Napoleon’s wife to be, Marie-Josèphe-Rose de Tascher de la Pagerie, was one of a small elite of remarkably gifted, charming and alluring young women around whom Parisian Society gathered at the close of the eighteenth century.

Out of the chaos of the Revolution and the Terror, French society slowly started to collect itself. A subculture of aristocratic and fashionable young people established themselves around the “salons” held by these women of means, charm and education. They provided the setting for a society of shared political allegiances, cultivated conversation, parties, balls and amorous dalliances. They attended the theatre and drew attention to themselves in public by adopting a supposed simplicity of dress – or as one wit described it “undress”.

A group of these women became known as “Les Merveilleuses” – literally, the Marvellous or Wonderful. They cultivated garments based on the almost transparent, body-revealing garments of Greek and Roman sculpture and even the Roman hairstyles of tumbling curly hair. The boldest of these women, Madame Hamelin, whose portrait by Andrea Appiani is in the Napoleon exhibition, notoriously appeared in public virtually naked beneath the flimsiest of muslin dresses, sometimes bare-breasted. The young widow Rose de la Pagerie, the Vicomtesse de Beauharnais, was less extreme in her dress than her friend Madame Hamelin – although no less alluring.

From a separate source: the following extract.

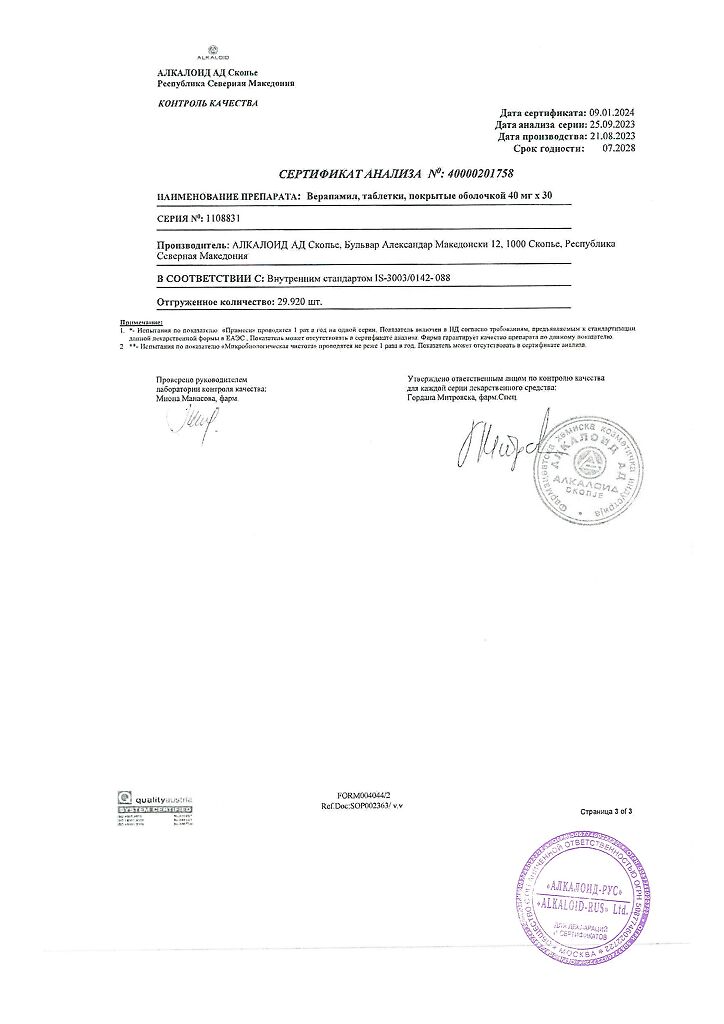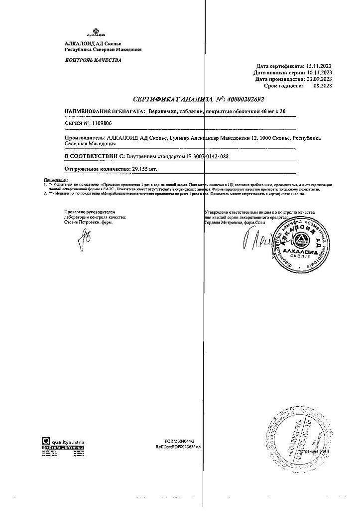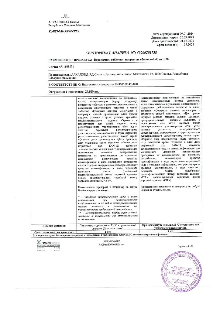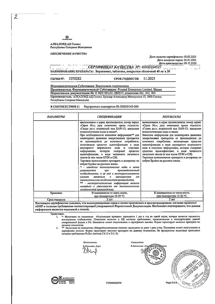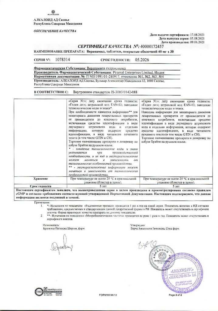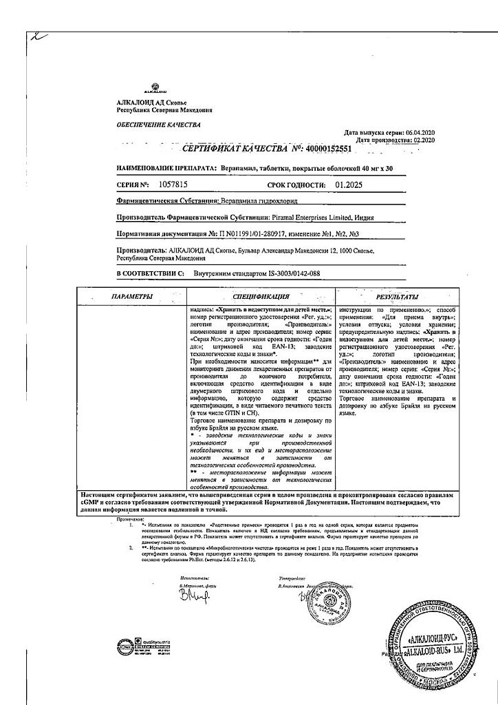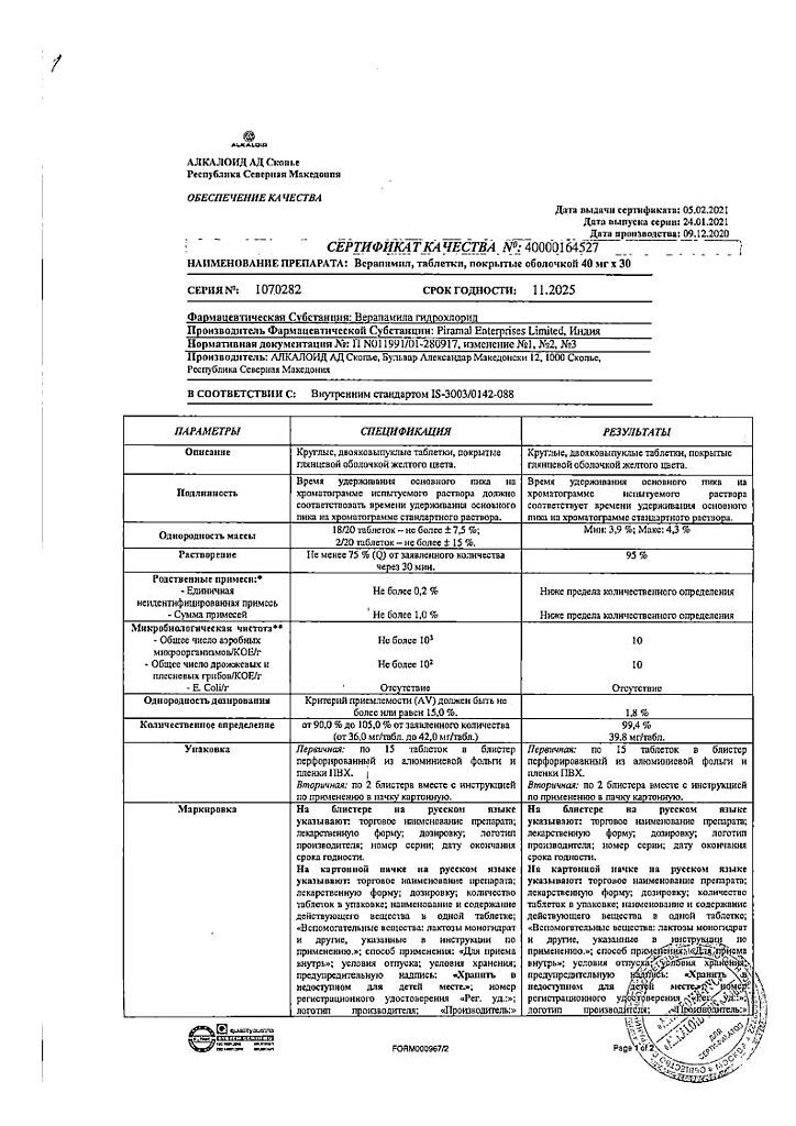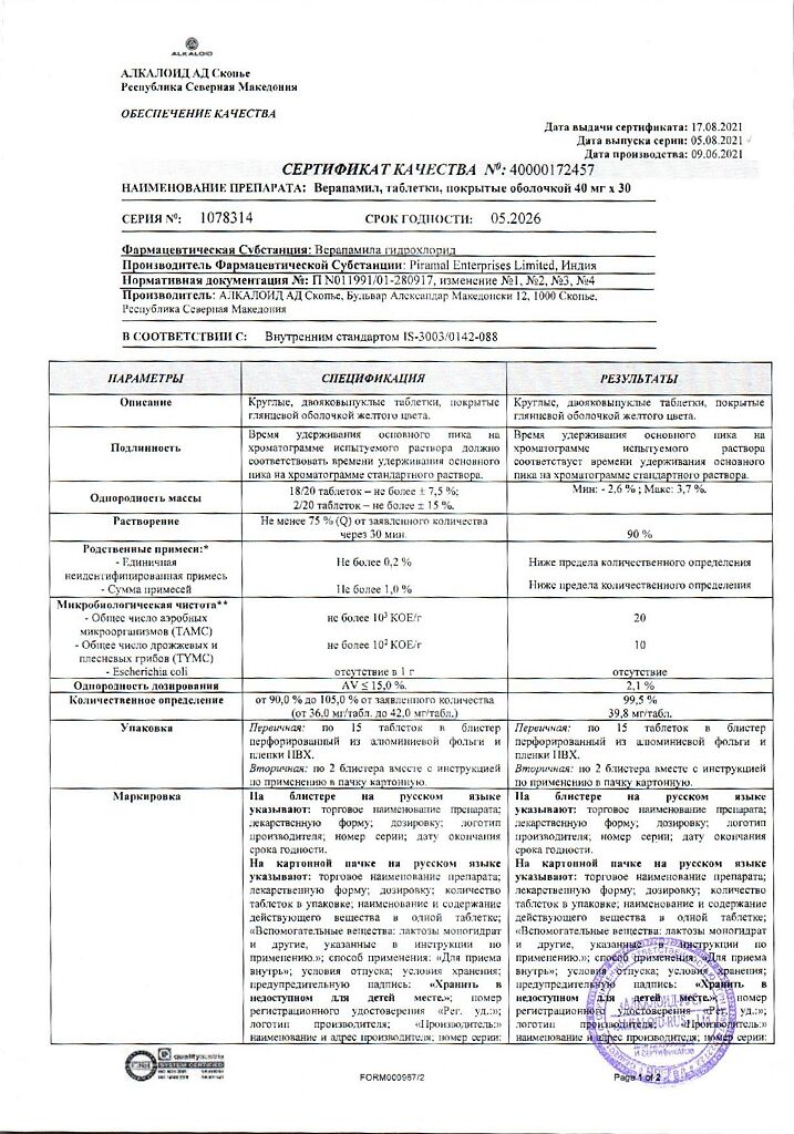 Документы Верапамил таблетки покрыт.об. 40 мг 30 шт
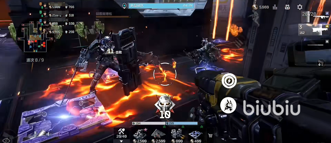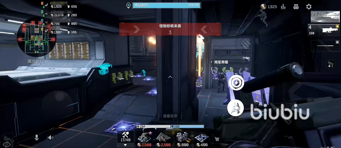 玩家与三名队友共同进入专用地图,进行以策略布局和团队协作为核心的PVE任务。进入地图后,玩家通过在地图上合理布置各种防御设施,包括喷火器、炮台、离子发射器、自修式磁爆塔等各种武器。我们可以先观察怪物的行进路线,然后利用“堵门”战术在怪物出入口附近部署防御塔和陷阱,如自修设备和离子发射器,这样能在怪物刚出场时就迅速阻挡并消耗它们的血量。

Many of Les Merveilleuses were friends or in various ways connected with and either married to or attached to well-to-do and powerful men. Their male counterparts were known as Les Incroyables (the Incredibles), and were the dandies of their age, adopting extravagantly expensive and decadent forms of fashion, and notably dispensing with wigs.

Initially the wearing of simple Greek and Roman-like garments served to reinforce Revolutionary rejection of the excesses of the Ancien Régime, and nakedness in art signalled purity, however the sheer garments of Les Merveilleuses – their simplicity notwithstanding – were decidedly erotic.